Exercise requirements:
Your answer must be the full listing below, repeated exactly, with no pictures in it.

Raw data:
--------------------

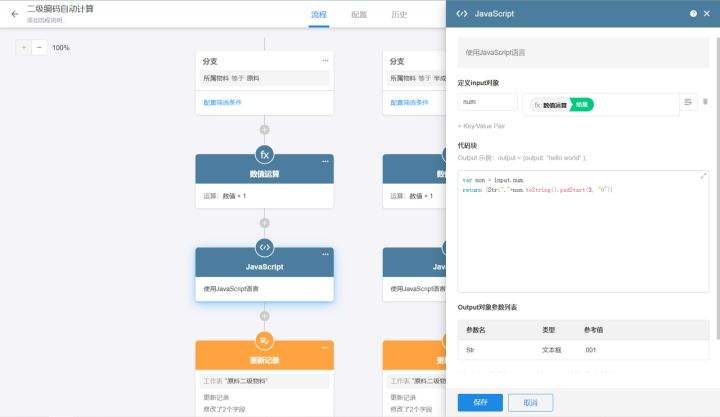 最后,将计算数值及转化后的文本编码更新至触发数据的对应字段内,物料的编码及划分就完成了。
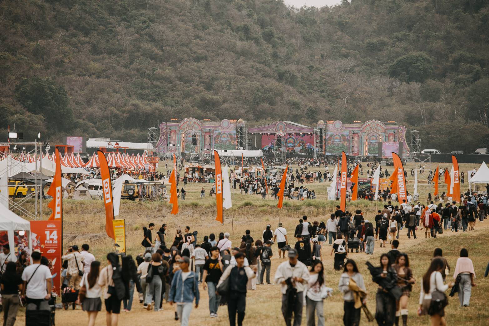 ความสนุกของงาน ริมผา 14 กุมภา กูเลิฟมึงว่ะ เริ่มต้นในช่วงบ่ายที่มีผู้ชมค่อยๆ เข้ามาจับจองเข้าชม ก่อนที่ความสนุกจะเริ่มขึ้นพร้อมกันเวลา 16.00 น. เพราะนอกจากคอนเสิร์ตแล้ว ปีนี้งานริมผาก็มากับกิจกรรมมากมายทั้ง โซนกิจกรรม อาหาร แฟชั่น งานคราฟต์ กิจกรรม Wellness สุดฮีลใจ และโซน Eco สำหรับอนุรักษ์ พร้อมลานแคมป์ปิ้ง ภายใต้บรรยากาศขุนเขา 420 ไร่ พร้อมฉากหลัง วิวภูเขา 360 องศา ของ WILD CALLING FARM PARK เขาใหญ่ ปากช่อง จ.นครราชสีมา
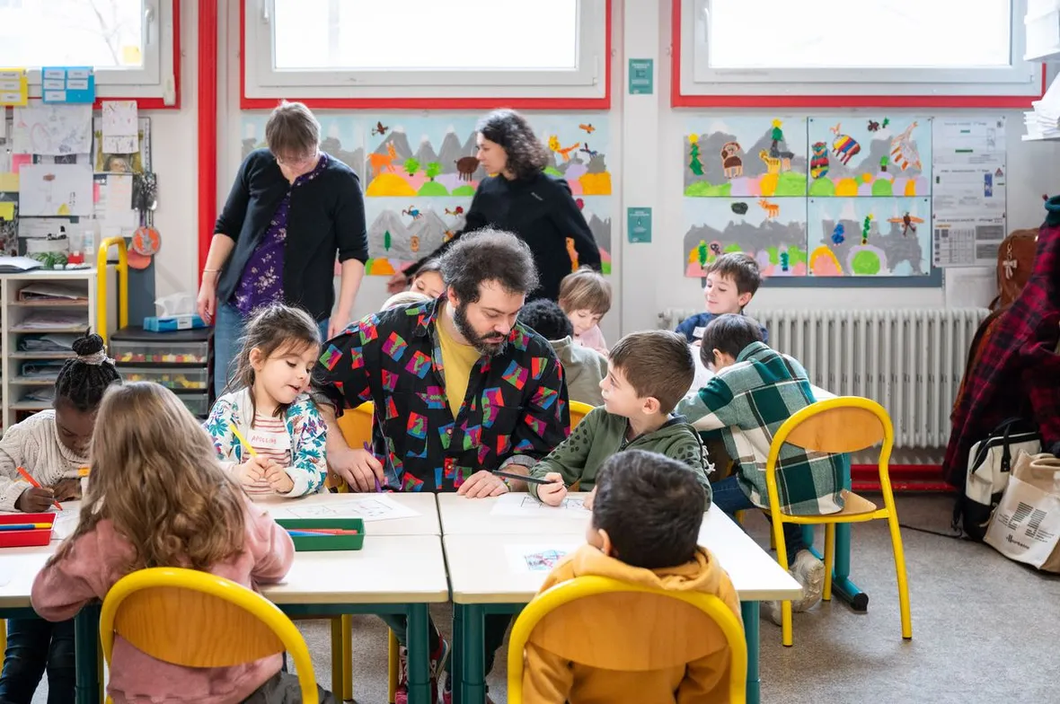 Dans le cadre de la Fête du livre jeunesse de Villeurbanne, les écoliers, de la petite section au CM2 ont travaillé avec l’auteur-illustrateur Vincent Pianina. Pendant une semaine à quatre reprises, il a été en résidence à l’école Édouard Herriot, pour créer avec les élèves cette ville de Villeurbanane, exposée à la Maison du livre, de l’image et du son jusqu’au 13 avril.

--------------------

Completed exercise:
 最后,将计算数值及转化后的文本编码更新至触发数据的对应字段内,物料的编码及划分就完成了。
 ความสนุกของงาน ริมผา 14 กุมภา กูเลิฟมึงว่ะ เริ่มต้นในช่วงบ่ายที่มีผู้ชมค่อยๆ เข้ามาจับจองเข้าชม ก่อนที่ความสนุกจะเริ่มขึ้นพร้อมกันเวลา 16.00 น. เพราะนอกจากคอนเสิร์ตแล้ว ปีนี้งานริมผาก็มากับกิจกรรมมากมายทั้ง โซนกิจกรรม อาหาร แฟชั่น งานคราฟต์ กิจกรรม Wellness สุดฮีลใจ และโซน Eco สำหรับอนุรักษ์ พร้อมลานแคมป์ปิ้ง ภายใต้บรรยากาศขุนเขา 420 ไร่ พร้อมฉากหลัง วิวภูเขา 360 องศา ของ WILD CALLING FARM PARK เขาใหญ่ ปากช่อง จ.นครราชสีมา
 Dans le cadre de la Fête du livre jeunesse de Villeurbanne, les écoliers, de la petite section au CM2 ont travaillé avec l’auteur-illustrateur Vincent Pianina. Pendant une semaine à quatre reprises, il a été en résidence à l’école Édouard Herriot, pour créer avec les élèves cette ville de Villeurbanane, exposée à la Maison du livre, de l’image et du son jusqu’au 13 avril.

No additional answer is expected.